### Records to process
· · · ·

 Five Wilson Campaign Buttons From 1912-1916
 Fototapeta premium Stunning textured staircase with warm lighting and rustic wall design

· · · ·

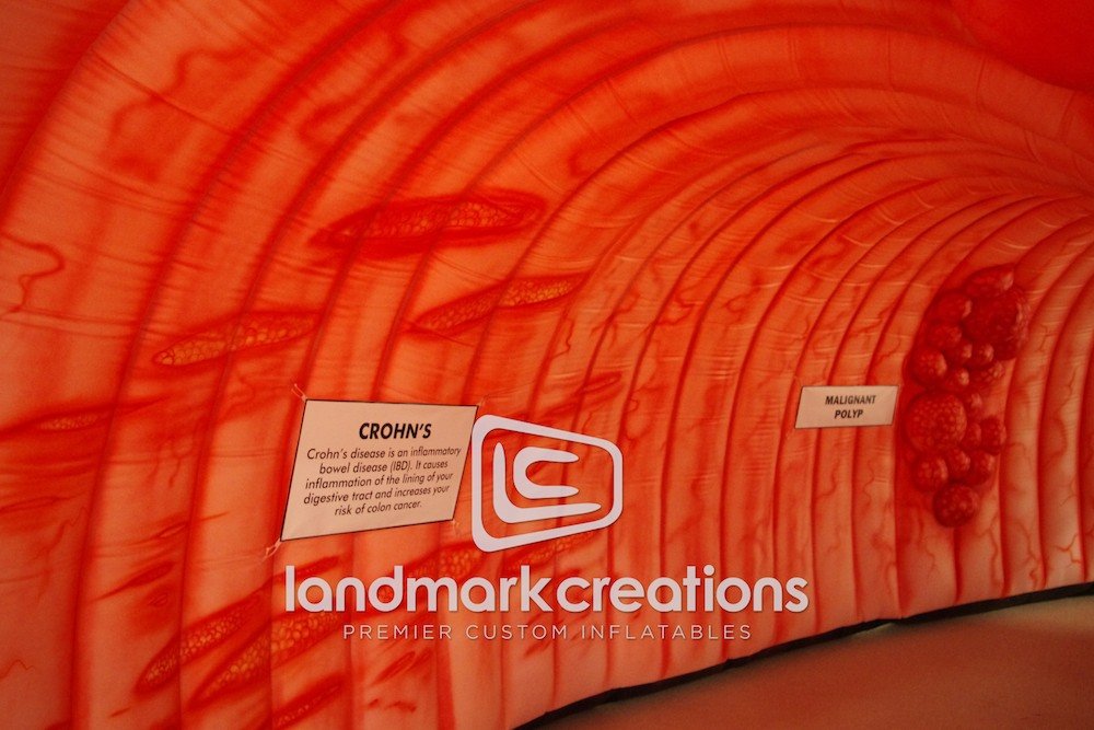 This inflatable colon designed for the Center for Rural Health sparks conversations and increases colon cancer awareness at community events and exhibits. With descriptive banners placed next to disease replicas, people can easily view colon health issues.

· · · ·

### About this exercise
Output the lines above between the one holding "Five Wilson Campaign Buttons From 1912-1916" and the one holding "Fototapeta premium Stunning", inclusive, with nothing before or after them.

### Response for this exercise
 Five Wilson Campaign Buttons From 1912-1916
 Fototapeta premium Stunning textured staircase with warm lighting and rustic wall design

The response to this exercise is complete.